They are fighting, not just to preserve their special privileges, but to preserve a social ideal. Or rather, they are fighting to maintain the illusionthat their ideal system is benevolent and sustainable.
Unionized public-sector employment is the distilled essence of the left’s moral ideal. No one has to worry about making a profit. Generous health-care and retirement benefits are provided to everyone by the government. Comfortable pay is mandated by legislative fiat. The work rules are militantly egalitarian: pay, promotion, and job security are almost totally independent of actual job performance. And because everyone works for the government, they never have to worry that their employer will go out of business.
In short, public employment is an idealized socialist economy in miniature, including its political aspect: the grateful recipients of government largesse provide money and organizational support to re-elect the politicians who shower them with all of these benefits.
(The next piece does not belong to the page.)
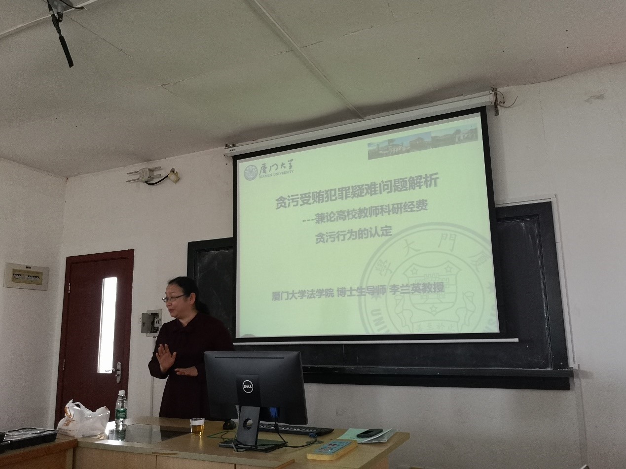 2019年12月16日,由厦门大学法学院青年教职工协会主办的信实学术午餐会(第十七期)在法学院B栋520教室顺利举行。本次午餐会由刘玉姿助理教授主持,主讲人为李兰英教授,报告主题为“关于贪污受贿罪疑难问题解析——兼论高校科研经费的贪污行为的认定”。近三十位法学院青年教职工和福建信实律师事务所的律师参加了本次学术午餐会。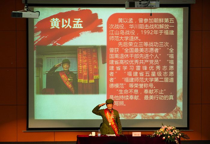 1028日,外国语学院邀请抗美援朝老英雄、全国最美志愿者黄以孟做客学院“博闻讲堂”,为师生上学习“四史”主题教育课。校关工委主任许歌平、副主任郭警修,院领导章琳、李启辉、林志达,教工党支部教师、辅导员,及2020级新生参加了活动。

Put it all together, and you have the Democrats’ version of utopia. In the larger American culture of Tea Parties, bond vigilantes, and rugged individualists, Democrats feel they are constantly on the defensive. But within the little subculture of unionized government employees, all is right with the world, and everything seems to work the way it is supposed to.
This cozy little world has been described as a system that grants special privileges to a few, which is particularly rankling in the current stagnant economy, when private sector workers acutely feel the difference. But I think this misses the point. The point is that this is how the left thinks everyone should live and work. It is their version of a model society.